Mit einer großen Oldie Nacht wurde in Freisen bei einer Sonderveranstaltung der Reihe „Live im Sitzungssaal“ wieder ein abwechslungsreiches Programm auf dem Rathausvorplatz geboten. Bürgermeister Karl-Josef Scheer (SPD) blickte zwar etwas besorgt zum Himmel, war dann doch optimistisch, dass das Wetter halten werde – und er sollte recht behalten.

Den Startschuss zum Open-Air-Konzert gab der Organisator der Konzertreihe, Peter Weigerding, mit seiner Formation MEP-Live.
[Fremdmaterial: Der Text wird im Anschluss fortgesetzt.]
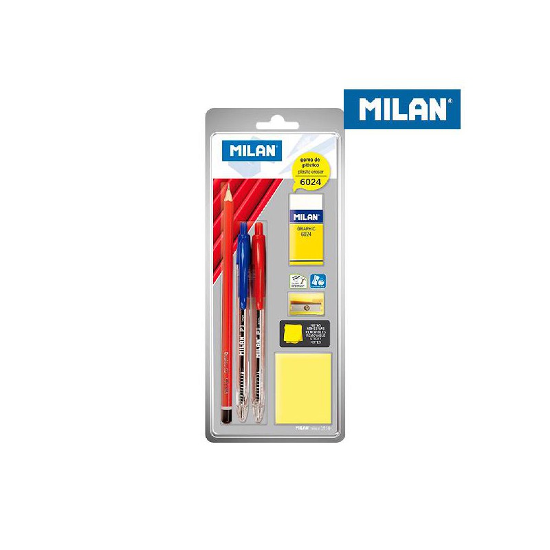BLISTER 2 CANETAS, LÁPIS GRAFITE, BORRACHA, AFIA E NOTAS ADESIVAS MILAN. INCLUI: 1 LÁPIS DE GRAFITE HB HEXAGONAL, 1 CANETA P1 AZUL E UMA CANETA P1 VERMELHO; 1 BORRACHA GRAPHIC 6024: BORRACHA DE PLÁSTICO BRANCA, PARA APAGAR LÁPIS SOBRE TODO O TIPO DE SUPERFÍCIES, COM FAIXA DE PAPELÃO AMARELA E EMBRULHADA INDIVIDUALMENTE; 1 AFIA SQUARE; 1 BLOC 100 NOTAS ADESIVAS AMARELAS 50 X 38 MM.

Mario Scheufler (Gitarre, Mundharmonika, Gesang), Ernesto Schmitt (Bass) und Peter Weigerding (Cajon, Percussion) spielten Klassiker aus Rock, Pop, Country, Funk und Blues. Sie brachten schon bald die ersten Gäste zum Tanzen. Vor allem die Stimme von Mario Scheufler hätte keine Verstärker benötigt, so tragend und melodisch, so akzentuiert und voller Gefühl intonierte er die Stücke. „Wir lassen heute Abend einfach mal den neumodischen Kram weg“, umriss Peter Weigerding das Programm. Klassiker von The Slade, Climax Blues Band, Eric Clapton, The Beatles und vielen anderen bekannten Interpreten machten den Rathausvorplatz fast ein bisschen zu Woodstock, dem großen Rock-Festival der Sechziger in den USA. Mit einem Medley wurde es dann richtig rockig, bluesig und countrylike. Gemeinsam mit der Band sangen die Gäste unter anderem „Country Roads“. Sogar Publikumswünsche wurden erfüllt und so spielten die Musiker „Crazy little Thing called Love“ von Queen. Als Zugabe gab es dann noch „Horse with no Name“ von America bevor The Earls den zweiten Part bestritten. Zuvor erklärte Bürgermeister Scheer, dass der Erlös des Abends der Jugend-Spiel-Gemeinschaft zugutekommt und rief die Besucher zu einer kleinen Spende auf, welche die Gäste bei den jungen Fußballern los werden durften.

Danach betrat mit The Earls die älteste Oldie Band des Saarlandes die Bühne. Roland Jene (Schlagzeug) Hans-Werner Latz (Sologitarre, Gesang) zählen beide schon zu den Gründungsmitgliedern der Band. „Sie gehen sich schon mehr als 50 Jahre auf die Nerven“, kommentierte Georg Latz. Heribert Walacha war für den erkrankten Bassisten Manfred Becker eingesprungen und der Neffe des verstorbenen Dieter Glöckner hatte seinen Part an der Gitarre übernommen. Von Anfang an herrschte eine irre Stimmung und mit der Routine von mehr als einem halben Jahrhundert spielte die Band bis in die Nacht hinein.